Dataset extract:
((

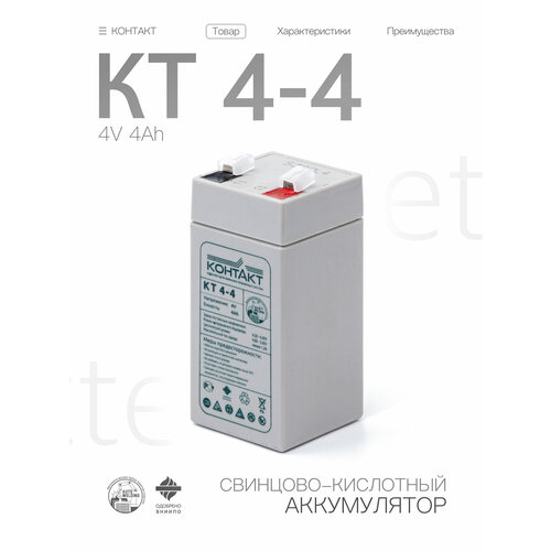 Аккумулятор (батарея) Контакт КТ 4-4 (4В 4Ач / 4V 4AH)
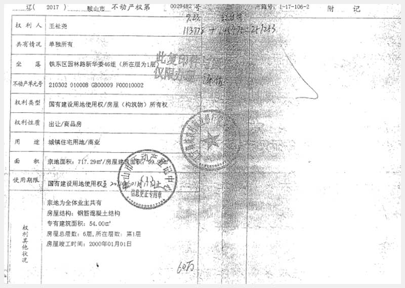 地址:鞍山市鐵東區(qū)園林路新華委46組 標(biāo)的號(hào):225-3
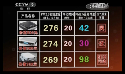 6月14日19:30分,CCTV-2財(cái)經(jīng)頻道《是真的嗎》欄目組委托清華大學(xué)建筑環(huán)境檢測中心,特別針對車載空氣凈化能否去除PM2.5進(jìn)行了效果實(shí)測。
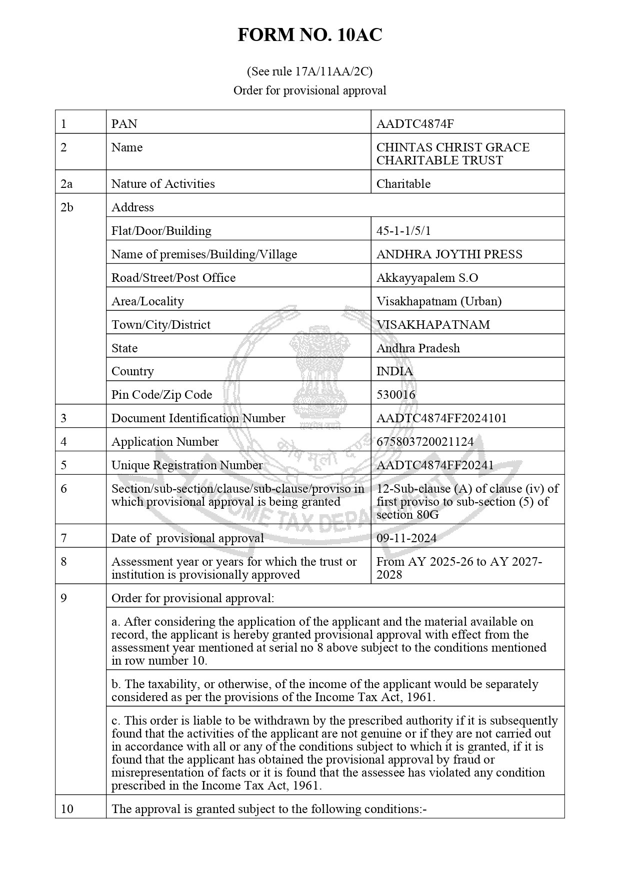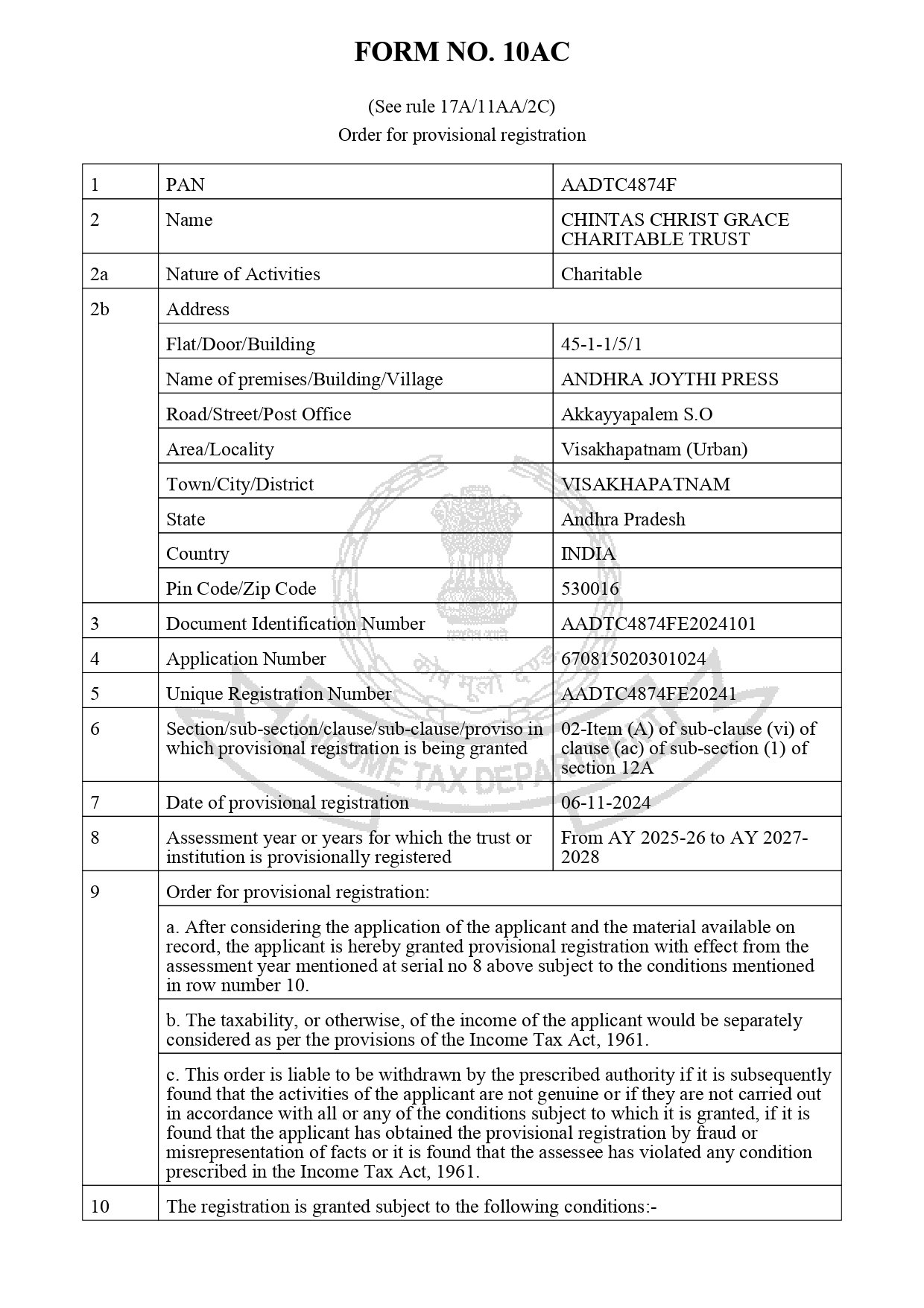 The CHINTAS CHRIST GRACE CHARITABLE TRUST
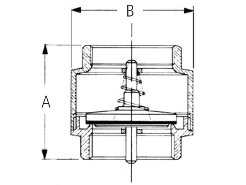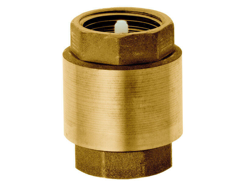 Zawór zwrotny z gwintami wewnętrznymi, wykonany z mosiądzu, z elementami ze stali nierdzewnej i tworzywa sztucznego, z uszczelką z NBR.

))
((

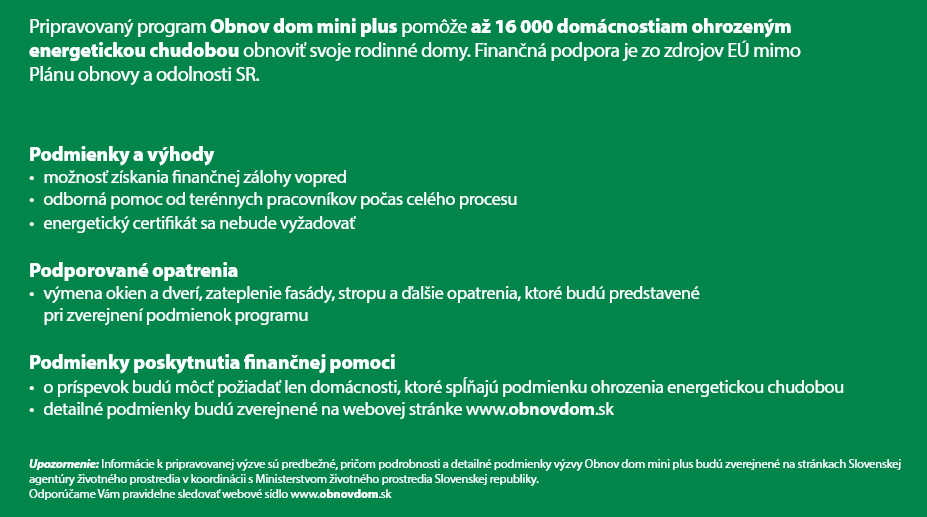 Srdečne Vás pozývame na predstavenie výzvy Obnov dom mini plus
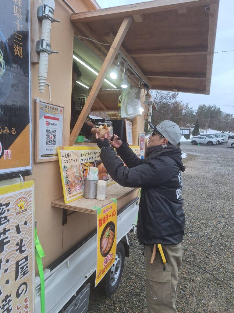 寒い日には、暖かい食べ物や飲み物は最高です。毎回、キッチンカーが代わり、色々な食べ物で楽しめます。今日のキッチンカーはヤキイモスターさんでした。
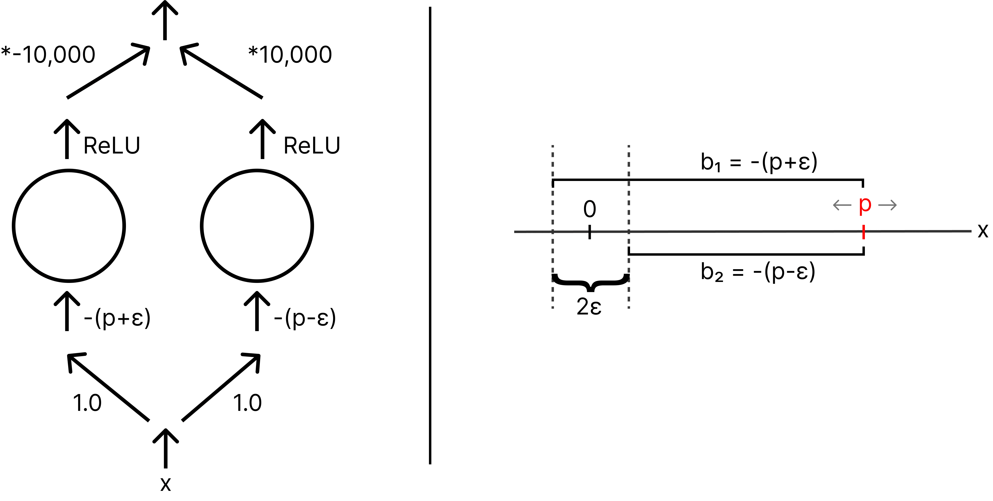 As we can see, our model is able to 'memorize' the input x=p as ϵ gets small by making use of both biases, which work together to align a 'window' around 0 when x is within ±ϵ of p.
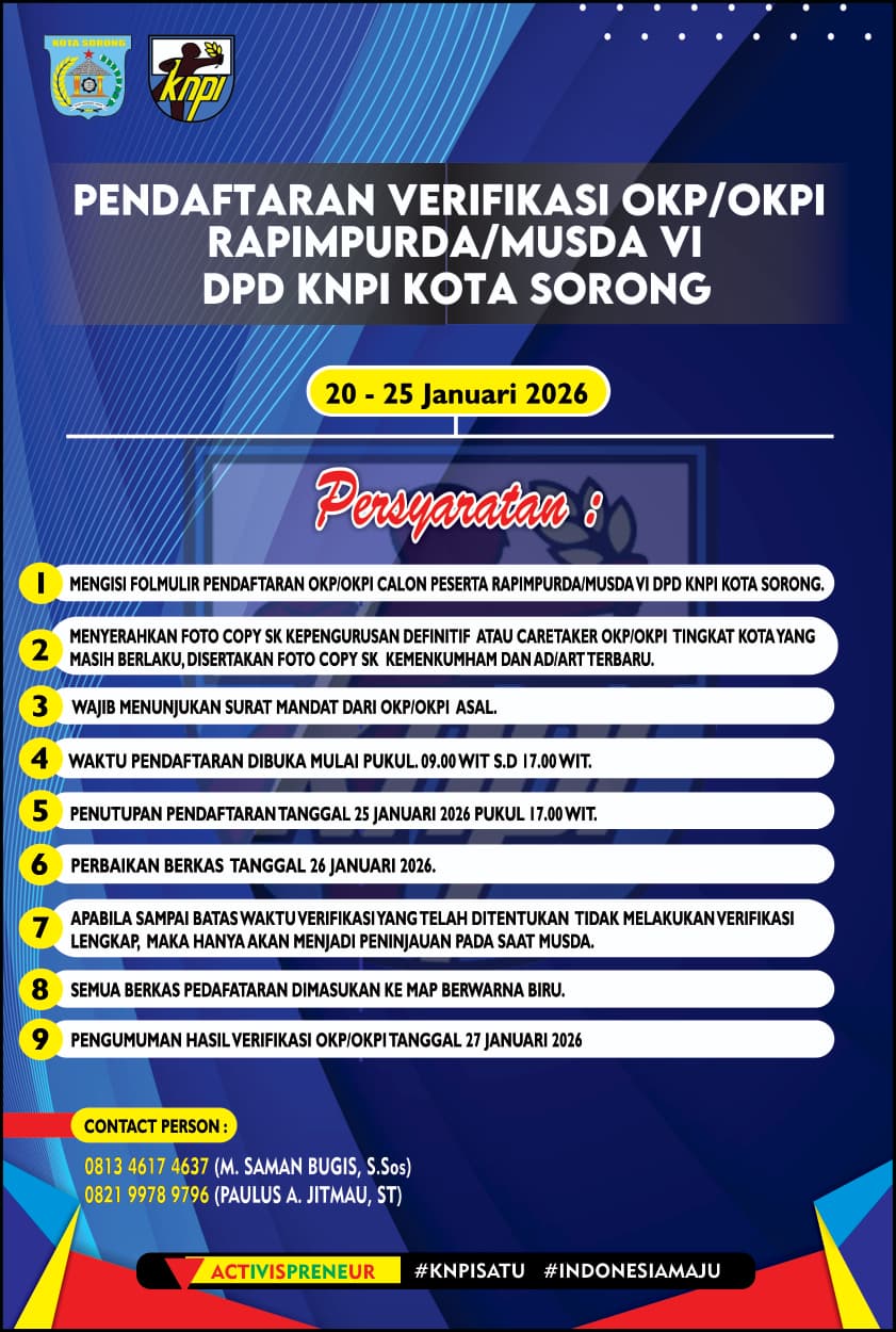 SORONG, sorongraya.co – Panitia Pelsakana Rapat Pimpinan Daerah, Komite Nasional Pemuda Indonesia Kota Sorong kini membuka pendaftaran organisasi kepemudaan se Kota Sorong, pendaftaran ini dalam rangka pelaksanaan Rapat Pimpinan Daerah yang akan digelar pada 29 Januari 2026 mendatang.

))

Above are the records. Copy word for word only their lines from the one holding "地址:鞍山市鐵東區(qū)園" through the one holding "The CHINTAS CHRIST GRACE CHARITABLE TRUST", both included, and skip the images.

Answer to this exercise:
 地址:鞍山市鐵東區(qū)園林路新華委46組 標(biāo)的號(hào):225-3
 6月14日19:30分,CCTV-2財(cái)經(jīng)頻道《是真的嗎》欄目組委托清華大學(xué)建筑環(huán)境檢測中心,特別針對車載空氣凈化能否去除PM2.5進(jìn)行了效果實(shí)測。
 The CHINTAS CHRIST GRACE CHARITABLE TRUST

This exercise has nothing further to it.